When you have a group of small children in a confined space like a classroom, one little sniffle can quickly become a whole big group of sniffles!! Teaching young children about hygiene, germs and illnesses is not an easy task, and you don't want to scare them with horror stories. But there are some things you can teach your child to minimize the chances of them picking up the sniffles from the rest of the class.
The most common way of catching a bug or illness is by rubbing your eyes, finger sucking, nose picking after your hands have come into contact with germs. Research studies have shown that only about half of middle school students wash their hands after using the restroom, and even if they do wash their hands, most don't even use soap!
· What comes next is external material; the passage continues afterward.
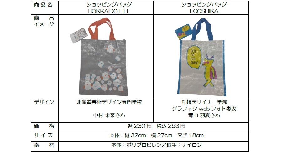 北海道の学生がデザインした 「ショッピングバッグ」を商品化、発売へ
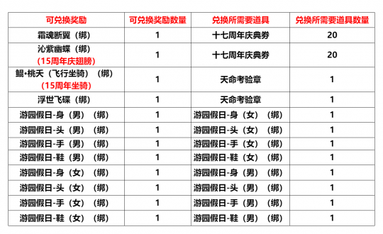活动一、元宵还是汤圆?这是一个问题活动时间:2026年3月2日-2026年3月9日维护前限制等级:40级活动NPC:团团圆圆(长安广场:2521,870) 活动内容:在福利妹出接取相关任务后,前往风语花妖【-214,3994】幻兔【-414,3965】获得酒酿,豆沙后,前往元宵厨台【长安广场:2505,858】制作豆沙汤圆和酒酿元宵。制作豆沙汤圆和酒酿元宵时有几率获得“黏糊糊”。(未接取相关任务将无法获得任务道具) 活动奖励:二阶炎阳火(绑)*1、刺史令(绑)*5、二十四节气令牌(绑)*1黏糊糊(绑):食用后体质增加10点,持续30分钟 活动二、团团圆圆过元宵活动时间:2026年3月2日-2026年3月9日维护前 (一线)限制等级:70级活动NPC:团团圆圆(长安广场:2521,870)活动内容:击败三只“圆圆的元宵”【长安广场 (2422,838)、(2422,628)、(2539,625)、(2628,625)、(2630,834)、朱紫国境 (-4987,2946)、(-4964,2833)、(-5019,3116)、(-4961,3230)、(-4862,3088)、长安国境(2214,1149)、(2129,966)、(2058,721)、(2004,612)、(1883,534)、蘑菇林(1709,918)、(1633,1031)、(1562,1193)、(1430,1240)、(1468,1118)】,完成之后向团团圆圆(长安广场:2521,870)提交活动奖励:高级装备精炼材料(绑)*1、节气令牌礼包(绑)*1注:击败“圆圆的元宵”有几率掉落“萌团子的碎片(不绑定)”,收集150个即可在“团团圆圆(长安广场:2521,870)”处兑换“萌团子的元神符(绑)”注:此活动将不定期开放 萌团子的元神符:变身效果:移动速度+2,物理防御+50,法术防御+50,养成属性:7级,体质+20 活动三、周年盛典·欢庆宝箱活动时间:2026年3月2日至2026年3月23日,每天19:00-21:00活动线路:1线活动内容:每天19:00将会在长安广场撒下大量“欢庆宝箱”,打开后可获得诸多神奇的道具!欢庆宝箱:开启后有概率获得十七周年庆典卷(可交易)、跳跳糖(绑) 活动四、周年盛典·捣蛋妖马活动时间:2026年3月2日至2026年3月23日,每天19:00-21:00活动线路:1线活动内容:每天19:00在车迟国(-5341,5100)附近会出现大量“捣蛋妖马”,击杀后可获得它身上携带的诸多道具!捣蛋妖马:击败后可获得十七周年庆典卷(可交易) 活动五、周年盛典·天命的考验活动时间:2026年3月2日至2026年3月23日,每周周五,周六,周日22:00-23:59活动线路:1线活动内容:每周五六日22:00在魔门废墟(-1930,2962)出现“天命的考验”,击杀后可获得它身上携带的诸多道具!天命的考验:击败后有概率获得游园假日-身(男)(绑)、游园假日-身(女)(绑)、游园假日-头(男)(绑)、游园假日-头(女)(绑)、游园假日-手(男)(绑)、游园假日-手(女)(绑)、游园假日-鞋(男)(绑)、游园假日-鞋(女)(绑)、恶魔导师-身(男)(绑)、恶魔导师-手(男)(绑)、恶魔导师-头(男)(绑)、恶魔导师-鞋(男)(绑)、天命考验章(可交易) 十七周年庆大使(长安广场:2528,780)可兑换: |

So getting your child into the habit of washing their hand (properly!) after going to the bathroom and before eating can really help.
Get the Flu shot
Making sure your child is up to date with their scheduled vaccines is really important to keep them in good health. Speak with your child's doctor about them also getting a seasonal flu vaccine. The Center for Disease Control recommends that everyone over 6 months receive the flu vaccine. Although the flu vaccine does not protect your child from all strains of the virus, it does protect against some of the most rapid forms.
Hand sanitizer gel
Sometimes it is not always possible to wash hands before eating, so getting your child use to using hand sanitizer gel is also a good idea. It is important to show your child how to use the gel effectively by rubbing it all over their hands and fingers and letting it dry. You should check your school's policy to make sure it is allowed to send to school with your child, and let the teachers know.
We all want our kids to be kind and share their stuff with the other kids, but it is important the know what is ok to share and what is not ok to share while at school. For older children make sure they know not to share things like make-up, creams, lip gloss and other such products as these can be ideal for the spread of MRSA, and other skin infections. Also sharing items like towels, sports clothing and equipment can spread germs.
Teaching your child about germs
As I mentioned above, you do not want to tell horror stories to your child about big nasty germs and turn them into a germophobe, but you can sit and talk with your child and explain how germs travel, that they cause colds and tummy bugs. Explain how when another child at school is sick, coughing and sneezing they should give them some extra space. And when your child is sick make sure they know how important it is to cough and sneeze into a tissue and wash their hands.
While even with all these tips you can not avoid catching a bug or cold, I hope it helps minimize the number bugs your child get this school year.